What to do
Only one stretch of the material below is wanted: everything from the line containing "4. クッキングシートをくし" down to the line containing "Οι μεγαλύτερες ανάγκες", both ends included. Repeat it exactly and skip the pictures.

Input data
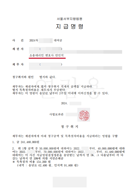 강물 변호사는 서울서부지방법원에서 채권 압류 및 추심명령을 받아 채무자의 재산에 접근할 수 있는 권리를 확보했습니다. 이후 법원으로부터 지급명령을 확정받아 채무자로부터 금전을 회수할 수 있는 법적 근거를 마련했습니다. 법률사무소 강물 채권추심 변호사의 세심한 법적 조치와 철저한 절차 진행으로 의뢰인은 법적 권리를 보호받을 수 있었습니다.
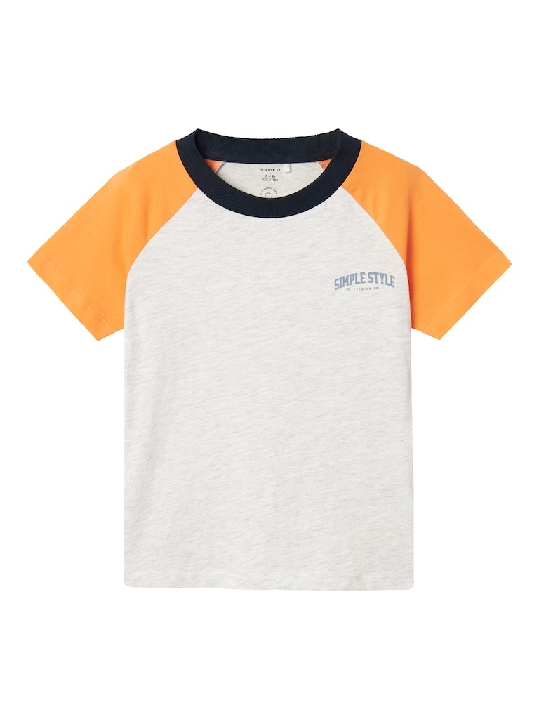 Sej t-shirt fra Name it med korte ærmer. T-shirten er i lys grå farve med orange ærmer og tekst print i toppen.
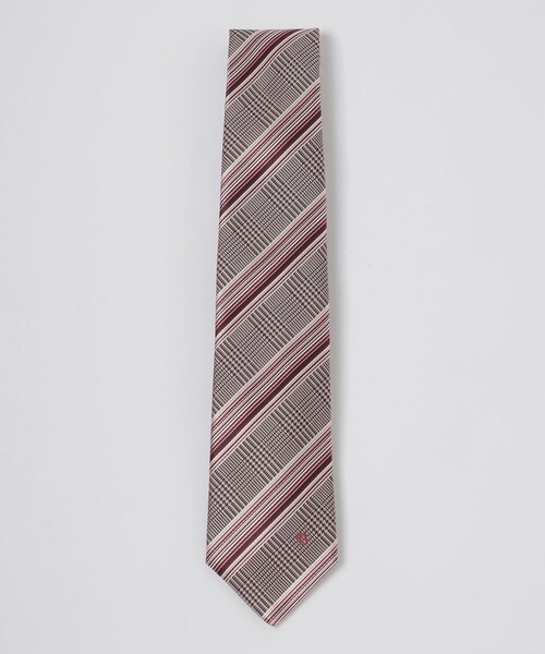 【グレンチェックとレジメンタルを組み合わせた個性的なタイ】 シルク100%を使用したグレンチェックタイ。鮮やかなペーンとグレンチェックを組み合わせることでシックながらも爽やかな印象を与えます。裏地にはジャカードで表現したブランドロゴを配置し、細部までこだわった逸品です。 ※掲載写真と柄の出方が異なる場合がございます。
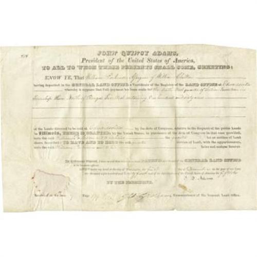 <B>John Quincy Adams As President Partially Printed Document Signed,</B></I> "<I>J. Q. Adams</B></I>"<I>,</B></I> one page on vellum, 14" x 9", Washington, D.C., December 1, 1825. This land grant entitles "<I>William Parkison Assignee of William Chilton... the North West Quarter of Section Seventeen in Township Three North of Range Six West containing one hundred and sixty acres</B></I>" in Edwardsville, Illinois. Countersigned by Commissioner of the General Land Office George Graham. Paper seal torn, light toning. Very good condition.<BR><BR><b>Shipping:</b> Flat Material, Small (<a target="_blank" href="http://www.heritageauctions.com/common/shipping.php">view shipping information</a>)
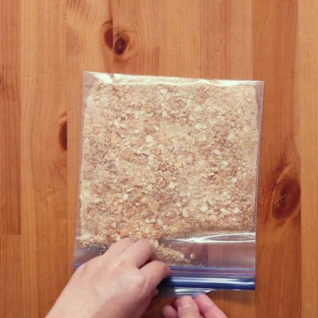 4. クッキングシートをくしゃくしゃにしてから広げ、ココットに敷き流し入れます。
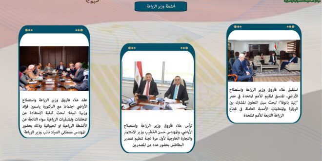 وترأس علاء فاروق وزير الزراعة واستصلاح الأراضي، والمهندس حسن الخطيب وزير الاستثمار والتجارة الخارجية لأول مرة لجنة تنظيم تصدير البطاطس بحضور عدد من المصدرين، كما عقد وزير الزراعة، اجتماعا مع وزيرة البيئة؛ لبحث كيفية الاستفادة من المخلفات والمتبقيات الزراعية سواء الناتجة عن الأنشطة الزراعية او الحيوانية وذلك بحضور المهندس مصطفى الصياد نائب وزير الزراعة.
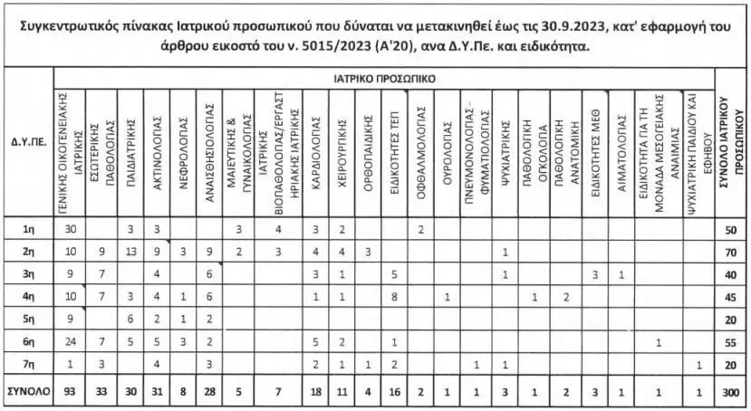 Οι μεγαλύτερες ανάγκες σε γιατρούς εντοπίζονται στις εξής Υγειονομικές Περιφέρειες (ΥΠΕ):
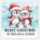 Pegatina Cuadrada Blue Red Cute Penguins Personalizado Feliz Navidad

Answer section
 4. クッキングシートをくしゃくしゃにしてから広げ、ココットに敷き流し入れます。
 وترأس علاء فاروق وزير الزراعة واستصلاح الأراضي، والمهندس حسن الخطيب وزير الاستثمار والتجارة الخارجية لأول مرة لجنة تنظيم تصدير البطاطس بحضور عدد من المصدرين، كما عقد وزير الزراعة، اجتماعا مع وزيرة البيئة؛ لبحث كيفية الاستفادة من المخلفات والمتبقيات الزراعية سواء الناتجة عن الأنشطة الزراعية او الحيوانية وذلك بحضور المهندس مصطفى الصياد نائب وزير الزراعة.
 Οι μεγαλύτερες ανάγκες σε γιατρούς εντοπίζονται στις εξής Υγειονομικές Περιφέρειες (ΥΠΕ):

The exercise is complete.